▶ **What you are asked to do**
Keep images out and repeat all data exactly.

##### Available data

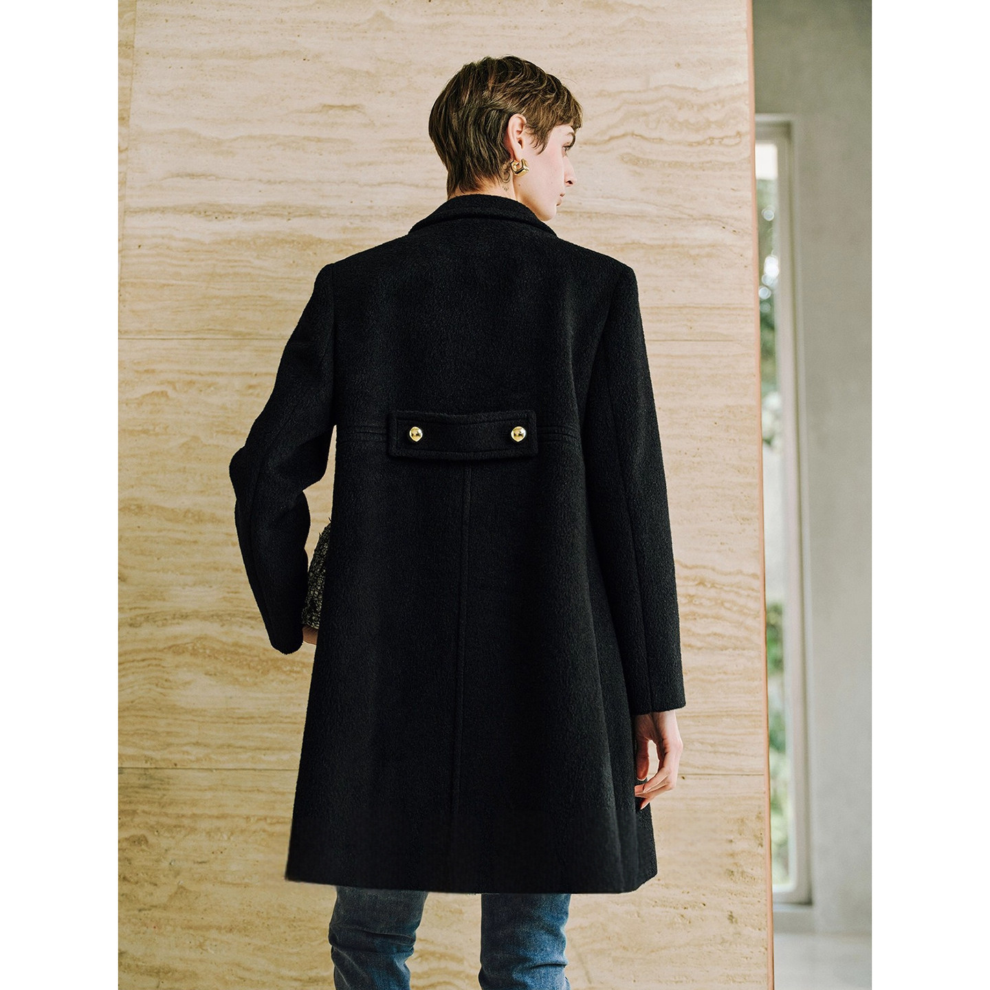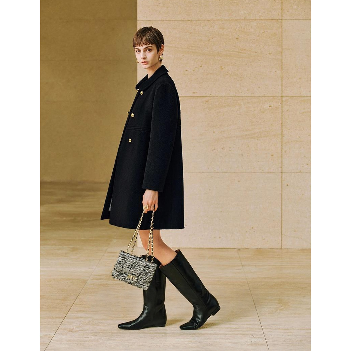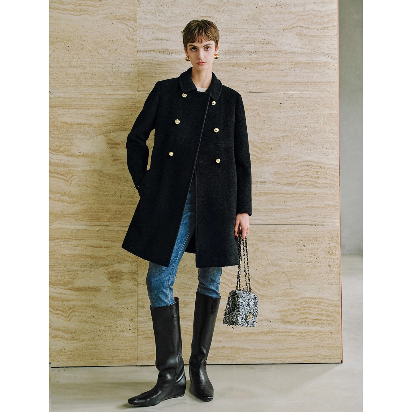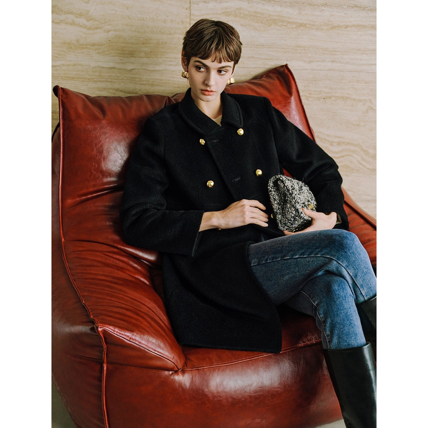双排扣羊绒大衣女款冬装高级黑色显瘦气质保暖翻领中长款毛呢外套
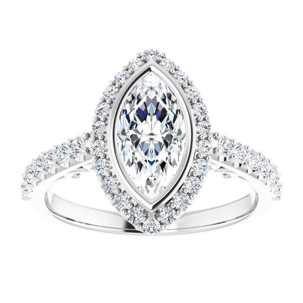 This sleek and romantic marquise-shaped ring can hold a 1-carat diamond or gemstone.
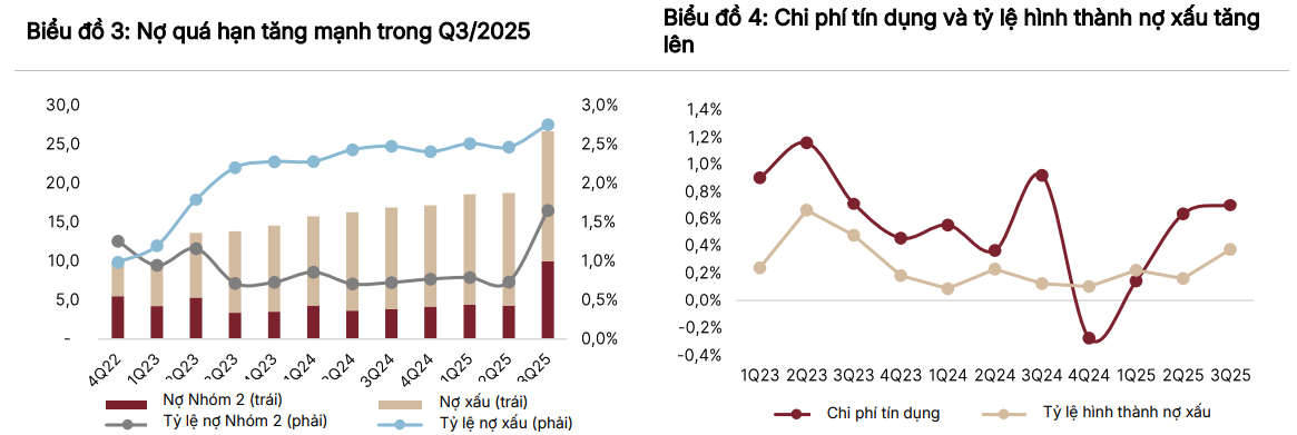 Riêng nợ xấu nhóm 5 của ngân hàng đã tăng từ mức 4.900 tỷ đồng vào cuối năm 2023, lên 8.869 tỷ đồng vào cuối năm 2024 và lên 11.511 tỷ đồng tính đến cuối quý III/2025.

##########

▶ **Reply to the task**
双排扣羊绒大衣女款冬装高级黑色显瘦气质保暖翻领中长款毛呢外套
 This sleek and romantic marquise-shaped ring can hold a 1-carat diamond or gemstone.
 Riêng nợ xấu nhóm 5 của ngân hàng đã tăng từ mức 4.900 tỷ đồng vào cuối năm 2023, lên 8.869 tỷ đồng vào cuối năm 2024 và lên 11.511 tỷ đồng tính đến cuối quý III/2025.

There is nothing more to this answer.